Beyond symmetry: best submatrix selection for the sparse truncated SVD
成果类型:
Article
署名作者:
Li, Yongchun; Xie, Weijun
署名单位:
University System of Georgia; Georgia Institute of Technology
刊物名称:
MATHEMATICAL PROGRAMMING
ISSN/ISSBN:
0025-5610
DOI:
10.1007/s10107-023-02030-7
发表日期:
2024
页码:
1-50
关键词:
hyperspectral anomaly detection
low-rank representation
DECOMPOSITION
nonconvex
network
摘要:
The truncated singular value decomposition (SVD), also known as the best low-rank matrix approximation with minimum error measured by a unitarily invariant norm, has been applied to many domains such as biology, healthcare, among others, where high-dimensional datasets are prevalent. To extract interpretable information from the high-dimensional data, sparse truncated SVD (SSVD) has been used to select a handful of rows and columns of the original matrix along with the best low-rank approximation.
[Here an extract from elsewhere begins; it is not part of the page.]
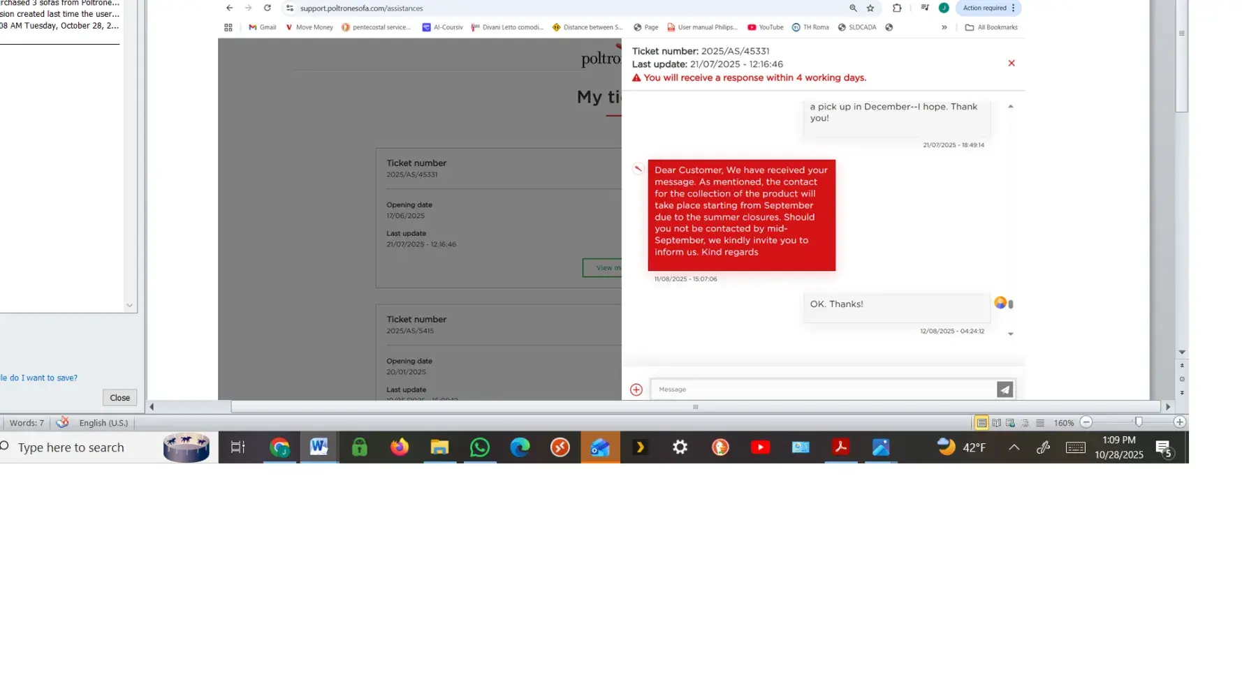 I purchased 3 sofas from Poltrone Sofa in October 2024, which were delivered on 11 Dec. 2024. Within ten days I noticed wrinkles in the leather in one of the sofas--I reported it to the store. They admitted my contact with the store and sent a Tech to look at in February. Tech immediately said that the wrong side of the cow had been used. Poltrone Sofa told...

Different from the literature on SSVD focusing on the top singular value or compromising the sparsity for the seek of computational efficiency, this paper presents a novel SSVD formulation that can select the best submatrix precisely up to a given size to maximize its truncated Ky Fan norm. The fact that the proposed SSVD problem is NP-hard motivates us to study effective algorithms with provable performance guarantees. To do so, we first reformulate SSVD as a mixed-integer semidefinite program, which can be solved exactly for small- or medium-sized instances within a branch-and-cut algorithm framework with closed-form cuts and is extremely useful for evaluating the solution quality of approximation algorithms. We next develop three selection algorithms based on different selection criteria and two searching algorithms, greedy and local search. We prove the approximation ratios for all the approximation algorithms and show that all the ratios are tight when the number of rows or columns of the selected submatrix is no larger than half of the data matrix, i.e., our derived approximation ratios are unimprovable. Our numerical study demonstrates the high solution quality and computational efficiency of the proposed algorithms. Finally, all our analysis can be extended to row-sparse PCA.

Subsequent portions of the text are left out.